Testler

Genetik test

DMD tanısı öncelikle kas biyopsisi ile onaylanmış olsa bile, genetik test genellikle gereklidir. DNA’daki değişim ya da mutasyon hakkında daha detaylı ve özel bilgiler sağlayan farklı tiplerde genetik testler bulunmaktadır. Tanının genetik olarak doğrulanmış olması bir çok sebepten önemlidir. Çocuğun belli sayıdaki mutasyona özel klinik testler için uygun olup olmadığını belirlemeye yardım edecek ve hamilelik öncesi tanıya ve gelecekteki hamilelikleri ile ilişkili kararlarda aileye yardımcı olacaktır.

DNA’daki distrofin genindeki gerçek mutasyon ve değişimin önceden bilinmesi durumunda, annelerin taşıyıcı olup olmadıklarını kontrol etmek için genetik test uygulama şansları doğacaktır. Bu bilgi anne tarafındaki diğer kadın aile üyeleri (kızkardeşler, kız çocukları, teyzeler, kuzenler) açısından kendilerinin taşıyıcı olup olmadıklarını anlamaları için önemli olacaktır.
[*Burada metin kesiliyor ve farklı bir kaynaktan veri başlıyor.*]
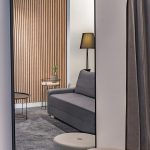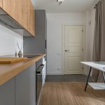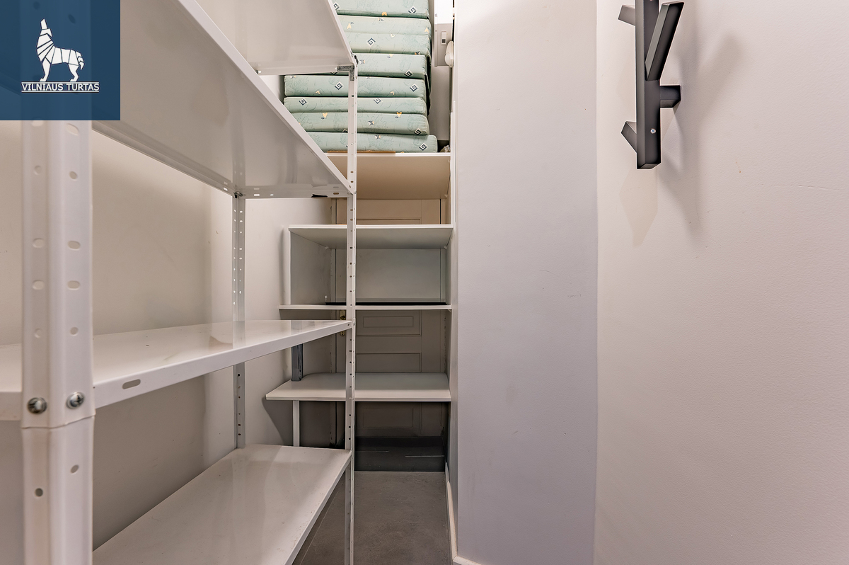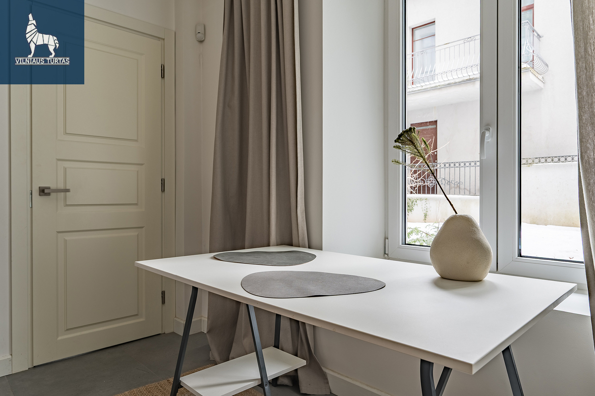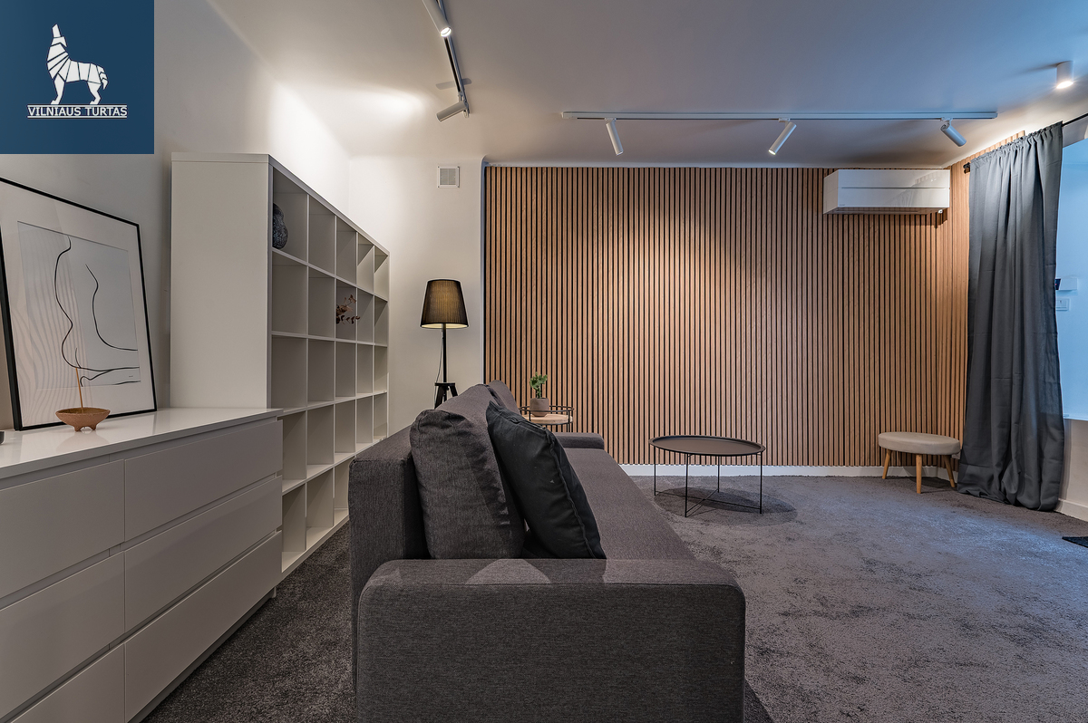 Butas yra funkcionalus. Virtuvė su visa įranga, kaitlentė, orkaitės, šaldytuvas, šaldiklis, gartraukis, indaplovė, skalbimo mašina, labai platus stalviršis patogiam maisto ruošimui, daug vietos virtuvės spintelėse ir spintose. Svetainėje – miegama sofa-lova, lentynos, komoda, didelis veidrodis, toršeras, kondicionierius. Butas nuomojamas su baldais.

Genetik test uygulaması ve genetik danışmana başvurmak aileye, testin sonuçları ve diğer aile üyeleri üzerindeki potansiyel etkiyi anlayabilme konusunda yardım edecektir (Buraya bkz.).

Kas biyopsi analizi

Doktorunuz kas biyopsisi önermiş olabilir (analiz için küçük bir kas örneği alınır). DMD’deki genetik mutasyon vücudun distofin proteinini üretemediği ya da yeterli derecede üretemediği anlamına gelmektedir. Kas biyopsisi testleri kas hücrelerinde bulunan distrofin miktarı hakkında bilgi sağlayabilir.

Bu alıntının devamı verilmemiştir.